The Truth

I am having a pretty difficult night. I work in a few hours so I know I really need to get some sleep, but at the same time, there is just something haunting me about the past.

The truth is, I LOVED being anorexic. I loved the way it made me feel. I remember how excited I was when I laid down on my side and my thighs didn’t fall into each other with the general flow of gravity. There wasn’t enough fat there. I loved looking at the scale and seeing the pounds drop off one by one. I loved looking at food and knowing that I had won this secret battle. I wasn’t going to eat it. I had conquered it in some sick way. I loved waking up in the morning and feeling the pain in my skin as my hipbones stretched the thin layers to its limit. I miss it. I miss the feeling of not being able to stand up in the shower and knowing that I was winning. I couldn’t do simple algebra anymore, but none of that mattered. 
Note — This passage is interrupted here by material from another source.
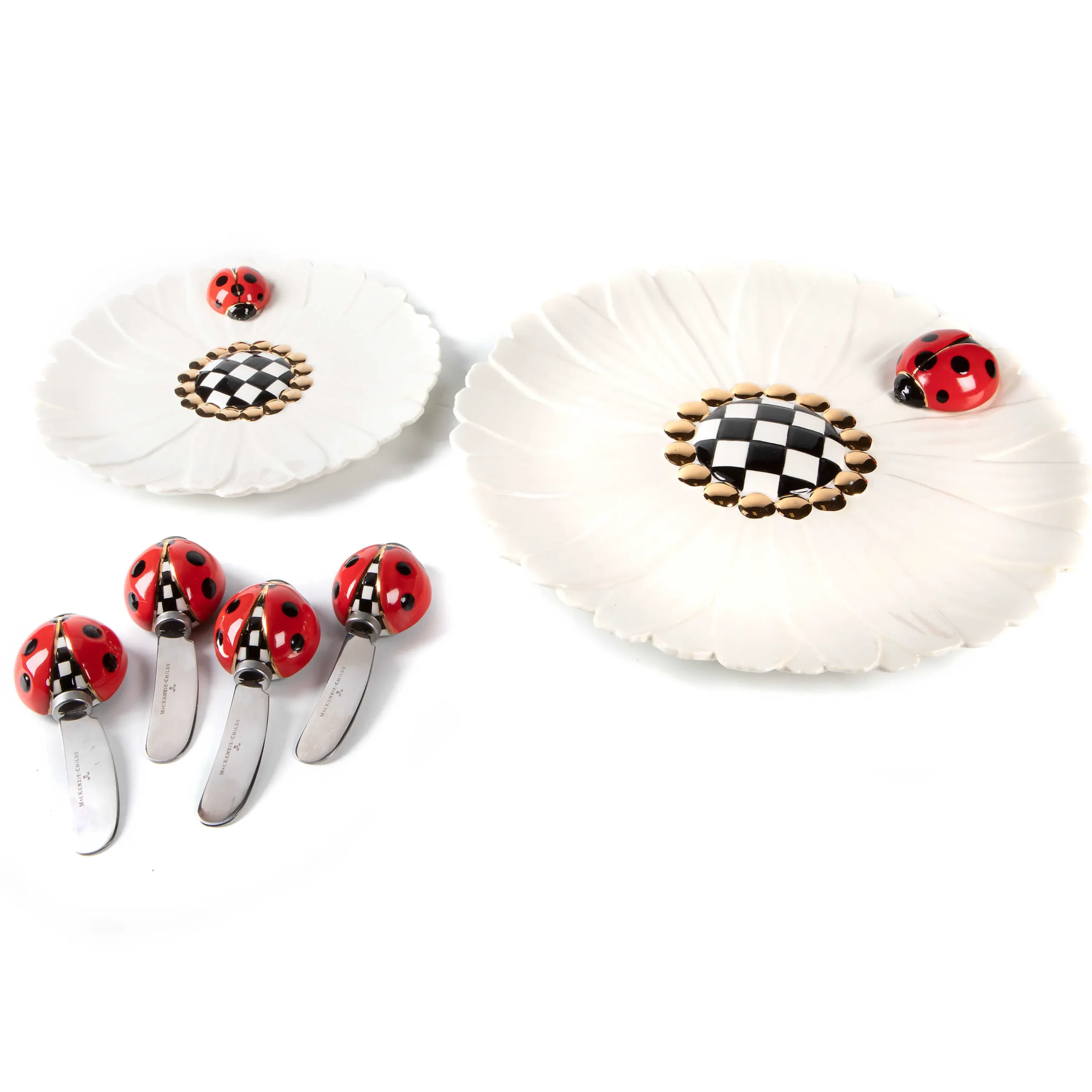Everything Looks More Delightful Served On Our Large Daisy Serving Platter. This Ceramic Platter Resembles A Large Daisy With A Checked Center, Trimmed With Gold Lustre, And Embellished With A Dimensional Ladybug.

One thought on “The Truth”

  1. Have you ever been to a Crossfit class?
    I suggest you eat, eat plenty, and eat healthy and then attend a local Crossfit class. Trust me, I was anorexic also and I went from 186lb to 120lbs in 4 months from eating only brown rice. Then guess what? I ballooned up to 200lbs after getting very sick. And then I learned the magical, positive, and healthy world of Crossfit. Dozens of positive people, with the right mental attitude cheering for your to become the best you you can be. The positives: you make new friends, you get FIT and THIN, and most of all you get healthy, and not just physically, or dietary health, but serious mental and emotional health.

    I know, I know, I don’t know you from Adam and I have no idea of what you yourself are going through in your own right. Two people suffering the same ailment are NOT alike, I understand. I just hope that you might consider it, someday. I know it’s what saved me from anorexia, mental and emotional unhealthy mindset, and gave me the slim/slender thin feminine body I wanted.